Tommaso Coletti

Personal information
- Date of birth: 9 May 1984 (age 41)
- Place of birth: Canosa di Puglia, Italy
- Height: 1.80 m (5 ft 11 in)
- Position(s): Midfielder

Team information
- Current team: Calcio Foggia 1920 (head coach)

Youth career
- Bari

Senior career*
- Years: Team / Apps / (Gls)
- 2004–2005: Lavello / 29 / (1)
- 2005–2007: Martina Franca / 52 / (1)
- 2007–2009: Foggia / 47 / (4)
- 2009–2010: Pescara / 43 / (4)
- 2010–2011: Cosenza / 13 / (0)
- 2011: Andria BAT / 13 / (1)
- 2011: Foggia / 3 / (0)
- 2012: Pergocrema / 13 / (0)
- 2012–2013: Teramo / 31 / (6)
- 2013–2014: Brescia / 30 / (2)
- 2014–2015: Matera / 38 / (3)
- 2015–2018: Foggia / 77 / (4)
- 2018–2019: Triestina / 50 / (3)
- 2019–2020: Cerignola / 24 / (0)
- 2021: Di Benedetto Trinitapoli
- 2021–: Bisceglie / 9 / (1)

Managerial career
- 2024-: Calcio Foggia 1920

= Tommaso Coletti =

Italian football manager

Tommaso Coletti (born 9 May 1984) is an Italian football manager of Italian Serie C/C club Calcio Foggia 1920 and former football player as central midfielder.

==Club career==
Born in Canosa di Puglia, Coletti spent the vast majority of his career playing for Serie C1 clubs, before signing with Serie C2 side Teramo in August 2012. After being an important midfield unit for Teramo he moved to Serie B side Brescia in the following year.
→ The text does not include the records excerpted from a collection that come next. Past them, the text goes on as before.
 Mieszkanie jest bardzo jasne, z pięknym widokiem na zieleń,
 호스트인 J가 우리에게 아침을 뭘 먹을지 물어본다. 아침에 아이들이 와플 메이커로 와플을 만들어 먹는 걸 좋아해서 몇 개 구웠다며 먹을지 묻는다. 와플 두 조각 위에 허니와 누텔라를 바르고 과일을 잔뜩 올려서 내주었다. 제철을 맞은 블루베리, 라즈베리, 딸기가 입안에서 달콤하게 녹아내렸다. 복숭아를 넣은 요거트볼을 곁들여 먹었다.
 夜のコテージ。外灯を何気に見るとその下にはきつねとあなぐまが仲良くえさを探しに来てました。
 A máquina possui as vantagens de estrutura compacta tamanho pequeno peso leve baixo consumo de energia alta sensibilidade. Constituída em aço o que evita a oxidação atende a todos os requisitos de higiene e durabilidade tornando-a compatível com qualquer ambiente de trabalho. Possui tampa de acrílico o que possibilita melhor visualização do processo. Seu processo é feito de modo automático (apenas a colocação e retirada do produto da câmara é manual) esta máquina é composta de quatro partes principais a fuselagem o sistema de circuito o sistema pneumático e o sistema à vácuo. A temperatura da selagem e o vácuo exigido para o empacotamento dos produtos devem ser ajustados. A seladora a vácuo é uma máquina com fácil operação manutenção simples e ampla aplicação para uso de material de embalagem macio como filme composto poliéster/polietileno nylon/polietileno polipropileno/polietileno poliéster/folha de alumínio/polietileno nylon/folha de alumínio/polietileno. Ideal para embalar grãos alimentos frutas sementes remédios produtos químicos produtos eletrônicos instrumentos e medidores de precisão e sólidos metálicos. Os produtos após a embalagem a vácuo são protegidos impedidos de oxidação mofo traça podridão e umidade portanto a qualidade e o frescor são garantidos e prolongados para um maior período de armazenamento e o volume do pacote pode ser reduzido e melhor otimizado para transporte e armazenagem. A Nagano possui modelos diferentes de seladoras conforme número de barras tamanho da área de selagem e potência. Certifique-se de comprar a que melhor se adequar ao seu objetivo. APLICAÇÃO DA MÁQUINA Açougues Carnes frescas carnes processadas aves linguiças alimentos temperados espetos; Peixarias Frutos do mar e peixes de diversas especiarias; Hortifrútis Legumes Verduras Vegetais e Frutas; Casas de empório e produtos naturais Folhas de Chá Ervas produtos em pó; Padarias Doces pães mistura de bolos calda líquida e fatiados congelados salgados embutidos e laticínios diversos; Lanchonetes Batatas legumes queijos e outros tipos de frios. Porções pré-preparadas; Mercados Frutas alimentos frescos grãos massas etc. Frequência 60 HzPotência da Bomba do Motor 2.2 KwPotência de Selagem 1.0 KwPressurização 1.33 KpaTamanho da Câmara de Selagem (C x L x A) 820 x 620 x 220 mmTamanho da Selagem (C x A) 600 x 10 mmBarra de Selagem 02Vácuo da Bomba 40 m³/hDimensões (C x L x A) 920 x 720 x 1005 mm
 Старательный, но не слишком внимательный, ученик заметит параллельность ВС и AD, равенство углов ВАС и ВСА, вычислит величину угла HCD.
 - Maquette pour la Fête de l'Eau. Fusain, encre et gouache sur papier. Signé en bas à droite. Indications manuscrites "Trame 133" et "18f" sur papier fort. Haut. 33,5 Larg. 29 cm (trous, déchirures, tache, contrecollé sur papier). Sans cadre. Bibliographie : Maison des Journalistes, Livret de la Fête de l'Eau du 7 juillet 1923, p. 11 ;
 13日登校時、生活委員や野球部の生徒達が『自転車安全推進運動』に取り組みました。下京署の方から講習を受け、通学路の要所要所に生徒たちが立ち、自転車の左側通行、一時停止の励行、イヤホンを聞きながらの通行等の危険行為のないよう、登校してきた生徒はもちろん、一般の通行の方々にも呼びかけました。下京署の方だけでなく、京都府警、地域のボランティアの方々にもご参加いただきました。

On 7 September Coletti made his division debut, starting in a 1–1 home draw against Novara; his first goal came on 12 October, netting his side's last of a 2–2 draw at Spezia.

On 27 June 2015, he was signed by Foggia for free.

On 25 August 2019, he joined Serie D club Cerignola. On 24 August 2021, he moved to Bisceglie.